[Exercise input — start]

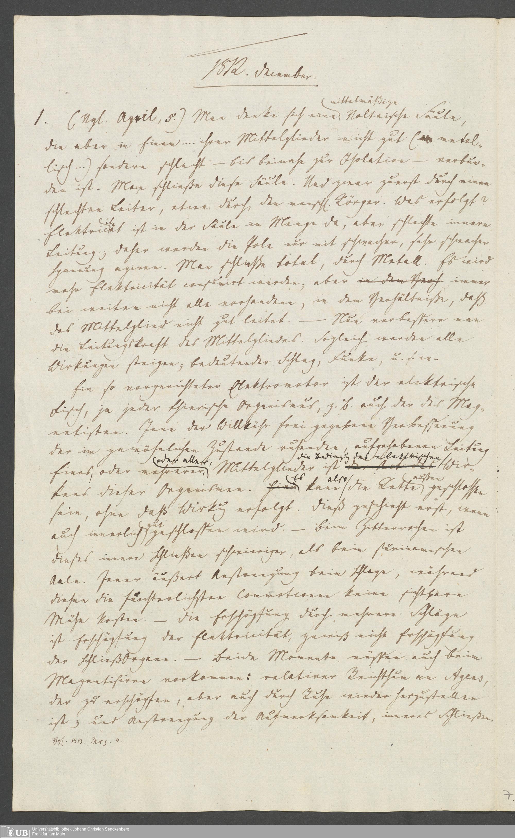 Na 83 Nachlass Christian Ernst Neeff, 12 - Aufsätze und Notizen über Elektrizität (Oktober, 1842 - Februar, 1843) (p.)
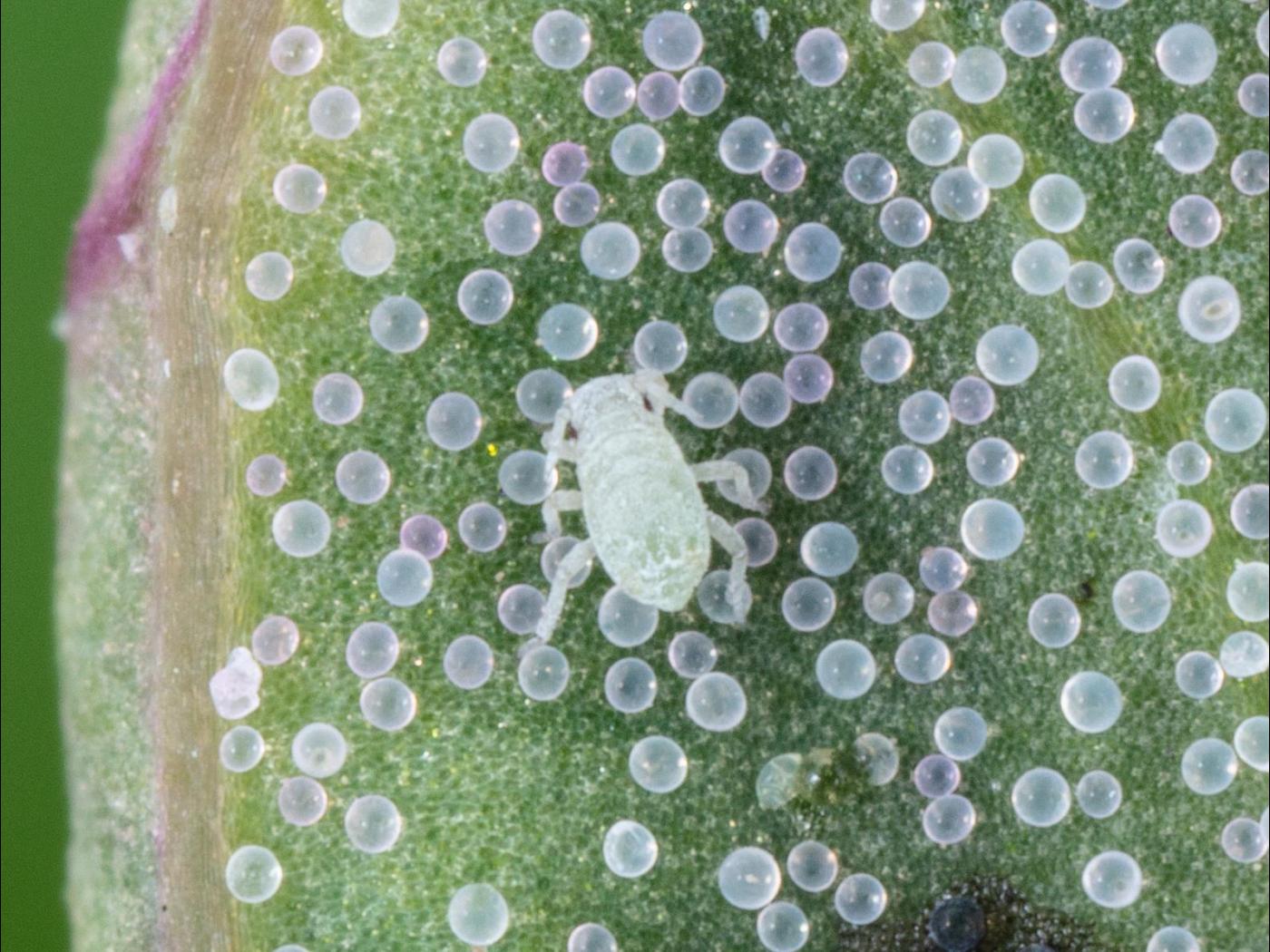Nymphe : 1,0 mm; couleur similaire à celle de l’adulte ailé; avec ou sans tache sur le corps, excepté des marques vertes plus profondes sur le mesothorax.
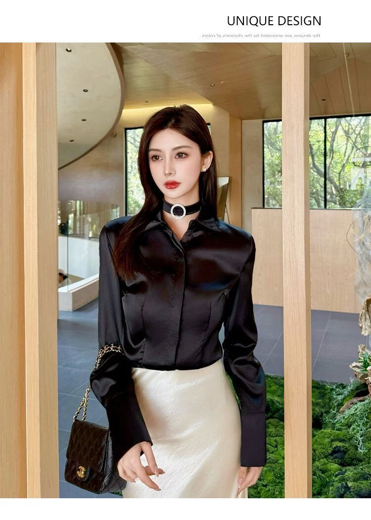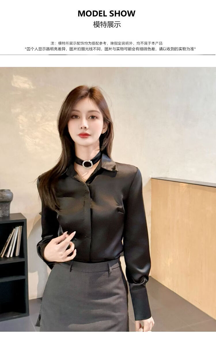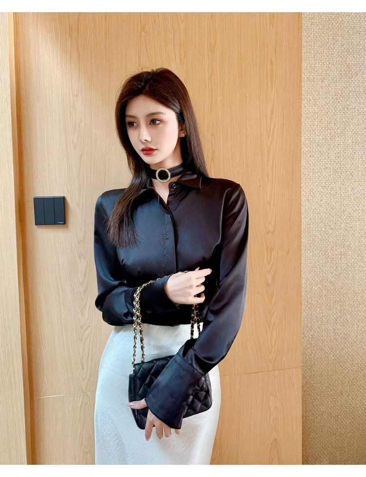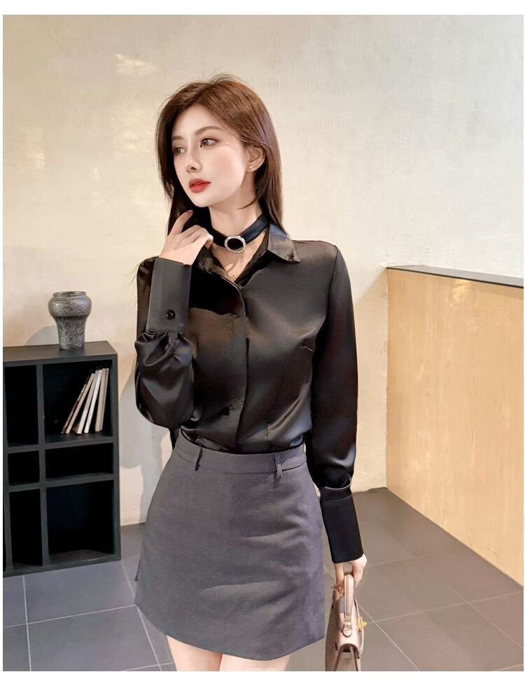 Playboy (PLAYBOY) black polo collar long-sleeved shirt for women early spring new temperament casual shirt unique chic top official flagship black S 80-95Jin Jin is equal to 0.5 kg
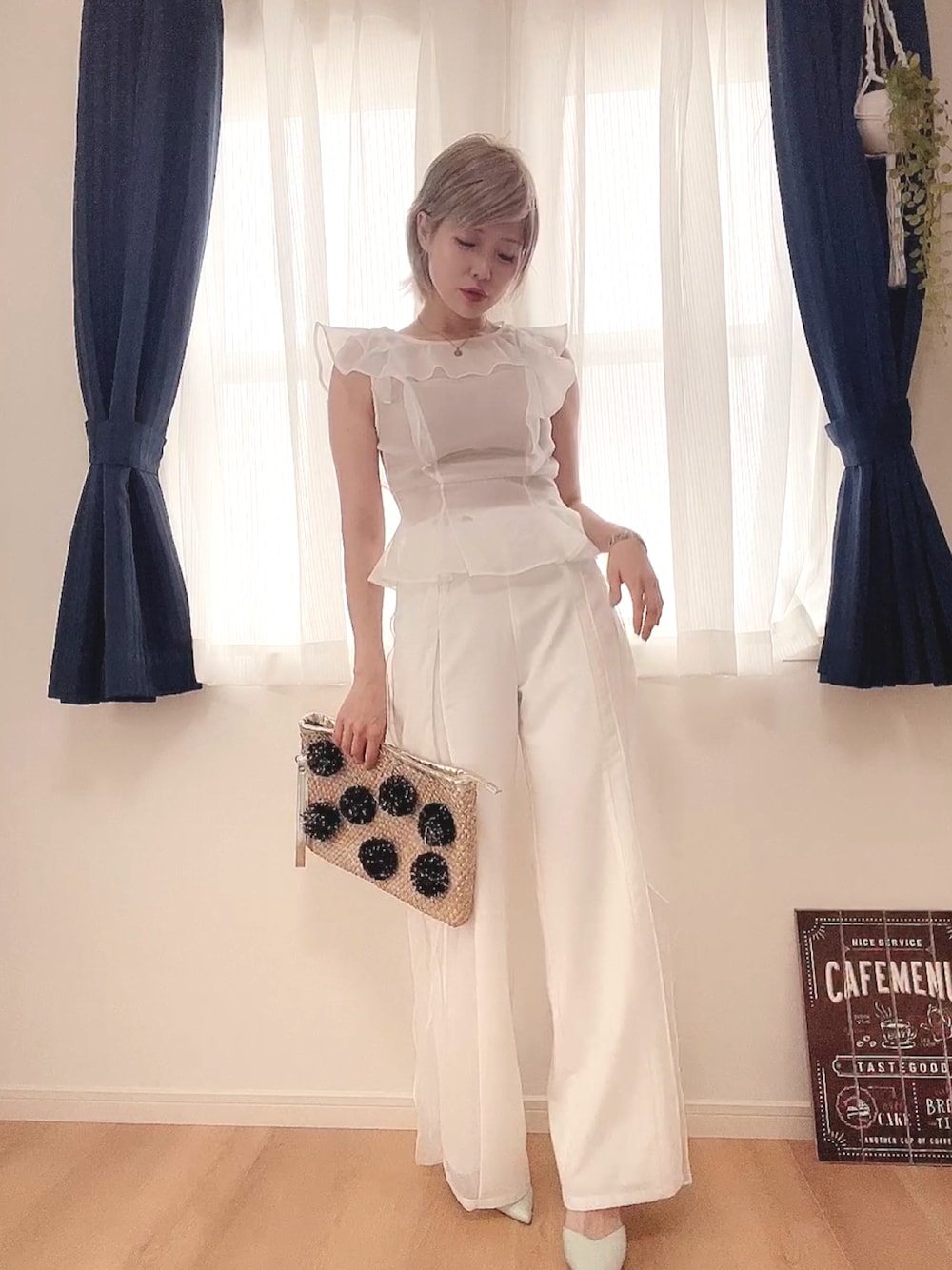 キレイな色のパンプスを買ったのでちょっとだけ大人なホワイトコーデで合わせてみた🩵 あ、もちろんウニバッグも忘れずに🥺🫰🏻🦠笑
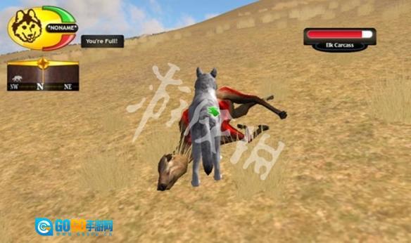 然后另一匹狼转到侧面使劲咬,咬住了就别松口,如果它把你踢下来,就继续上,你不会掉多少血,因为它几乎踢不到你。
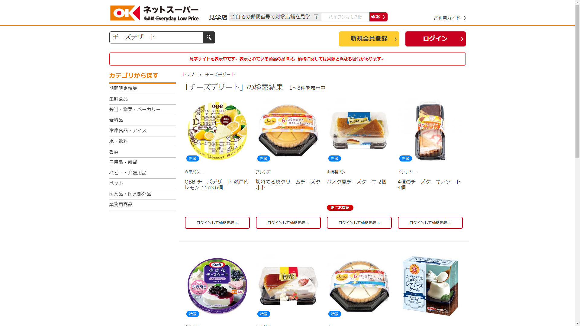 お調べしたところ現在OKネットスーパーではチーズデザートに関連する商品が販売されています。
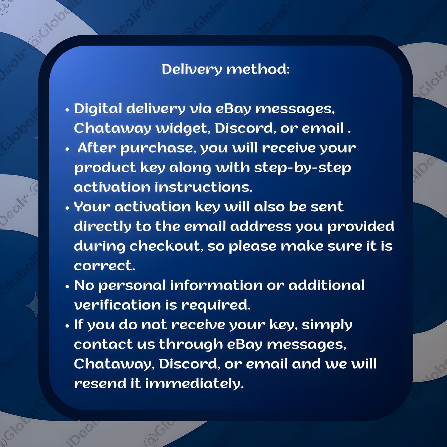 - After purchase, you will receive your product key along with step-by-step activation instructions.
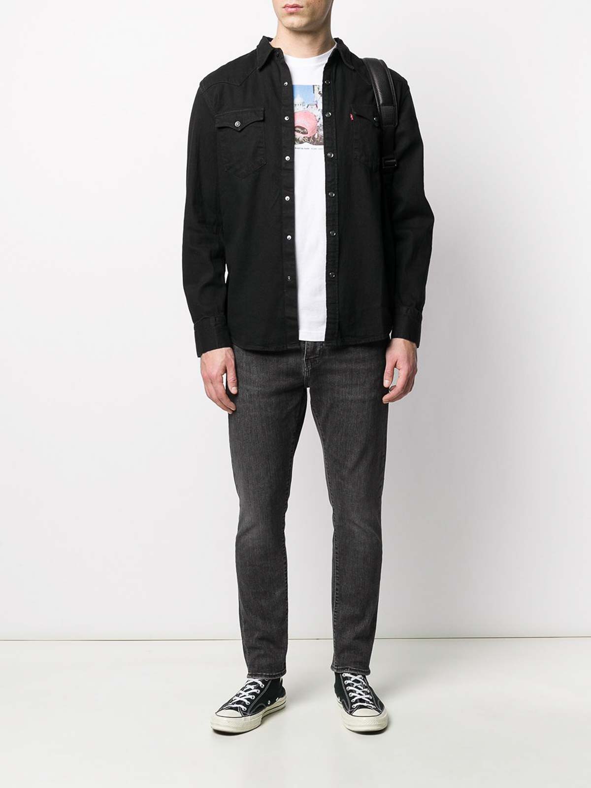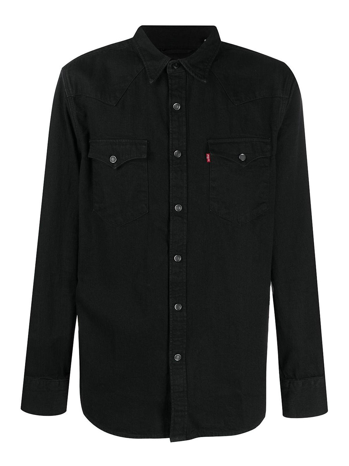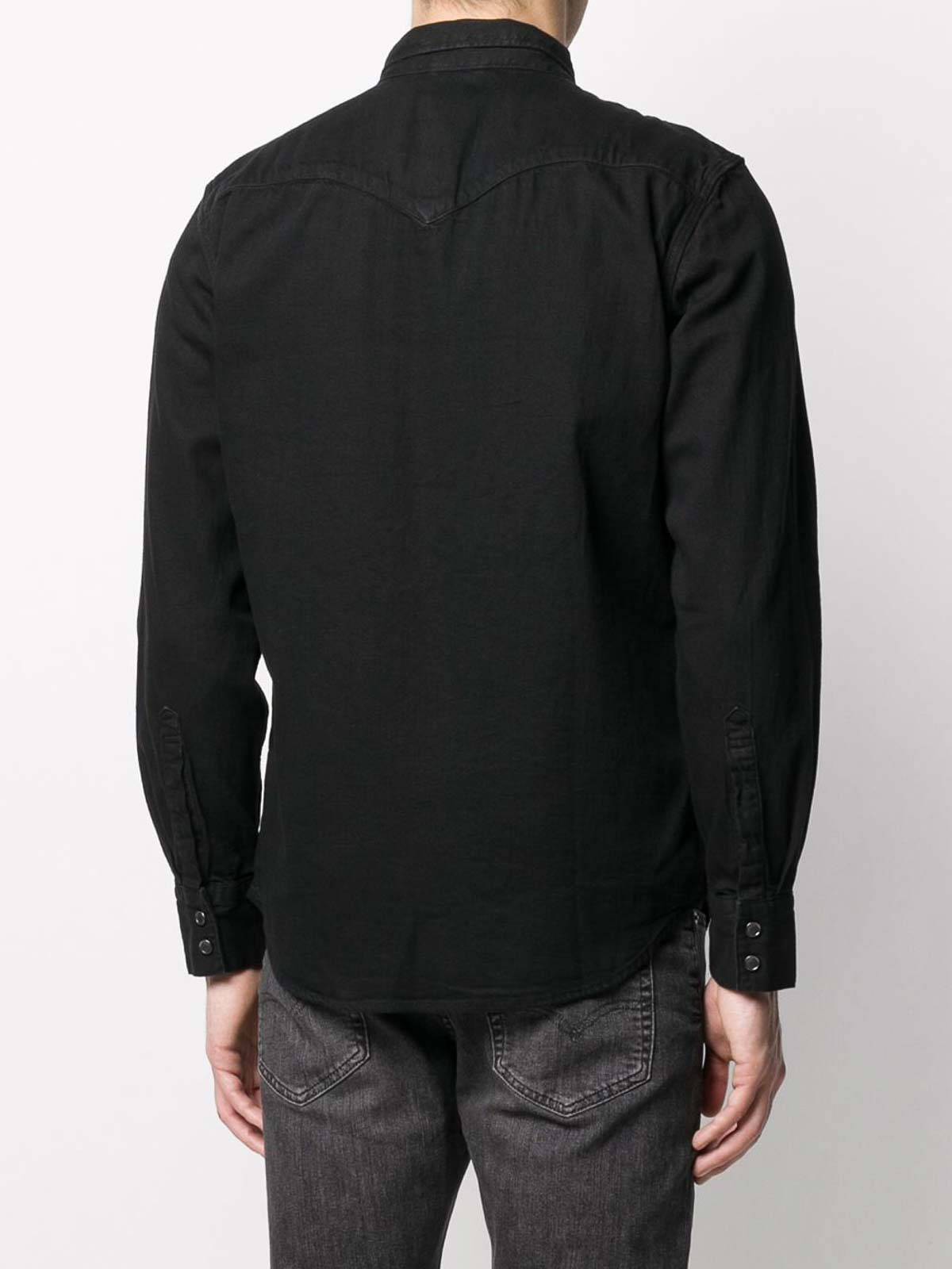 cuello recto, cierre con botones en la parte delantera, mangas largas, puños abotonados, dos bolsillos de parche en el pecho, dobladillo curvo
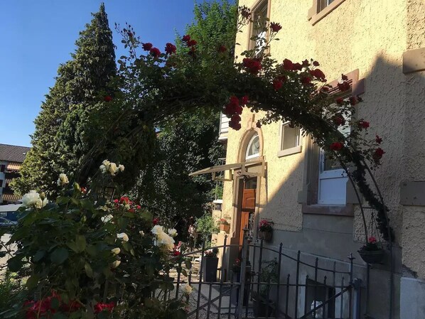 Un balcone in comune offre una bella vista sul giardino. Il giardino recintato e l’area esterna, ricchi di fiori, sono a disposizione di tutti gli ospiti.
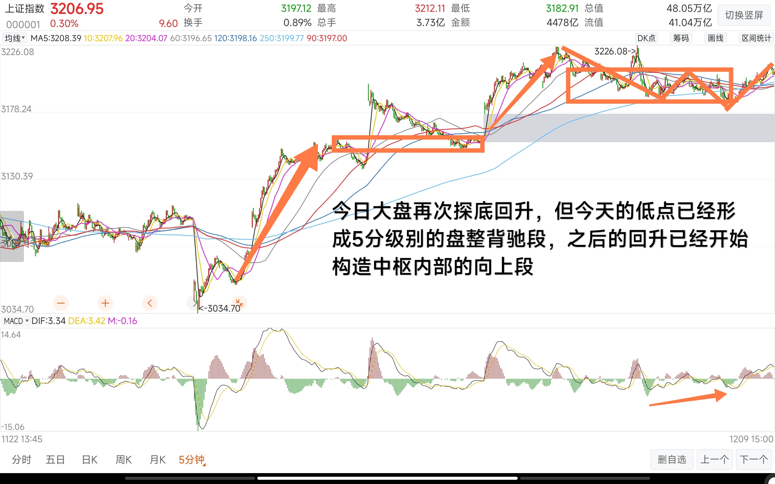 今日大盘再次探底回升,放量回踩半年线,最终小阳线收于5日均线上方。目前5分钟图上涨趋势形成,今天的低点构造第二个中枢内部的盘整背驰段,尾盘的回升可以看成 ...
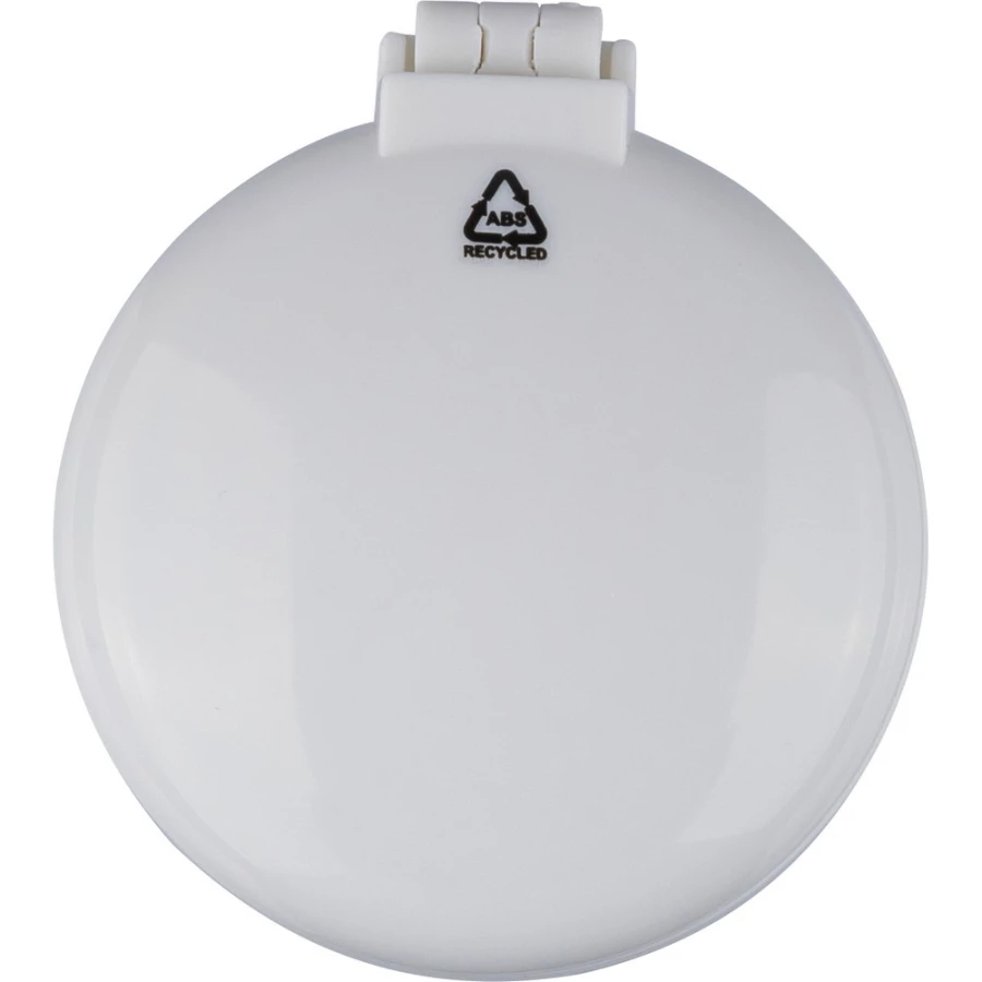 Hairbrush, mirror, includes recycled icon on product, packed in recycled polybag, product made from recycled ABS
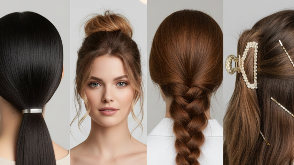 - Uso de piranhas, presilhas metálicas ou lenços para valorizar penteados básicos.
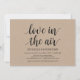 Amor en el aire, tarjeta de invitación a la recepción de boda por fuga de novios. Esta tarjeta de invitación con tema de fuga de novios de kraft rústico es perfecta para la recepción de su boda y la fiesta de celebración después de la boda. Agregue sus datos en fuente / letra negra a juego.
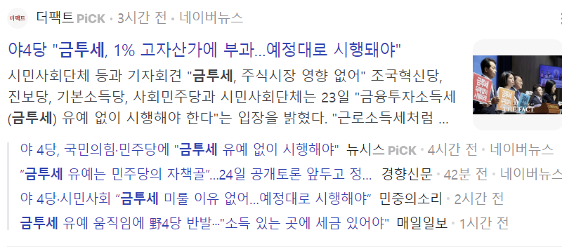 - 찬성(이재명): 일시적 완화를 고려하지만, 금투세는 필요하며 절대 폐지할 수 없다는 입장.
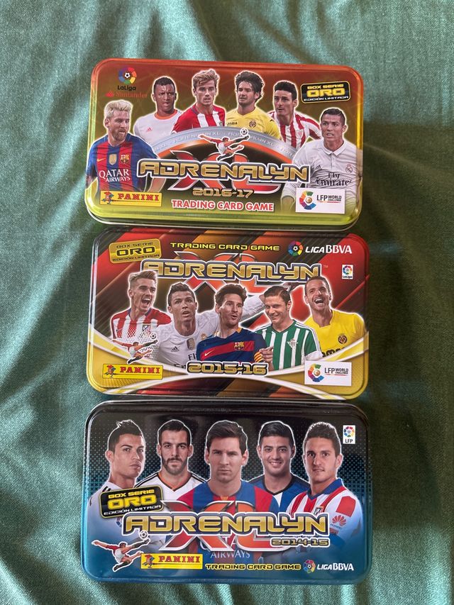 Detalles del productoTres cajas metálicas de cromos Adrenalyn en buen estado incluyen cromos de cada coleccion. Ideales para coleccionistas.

[Exercise input — finish]

§ What the task asks: Would you restate, exactly and with no pictures, the lines of the entries above from the one containing "キレイな色のパンプスを買った" through the one containing "- After purchase, you"?

§ Task solution:
 キレイな色のパンプスを買ったのでちょっとだけ大人なホワイトコーデで合わせてみた🩵 あ、もちろんウニバッグも忘れずに🥺🫰🏻🦠笑
 然后另一匹狼转到侧面使劲咬,咬住了就别松口,如果它把你踢下来,就继续上,你不会掉多少血,因为它几乎踢不到你。
 お調べしたところ現在OKネットスーパーではチーズデザートに関連する商品が販売されています。
 - After purchase, you will receive your product key along with step-by-step activation instructions.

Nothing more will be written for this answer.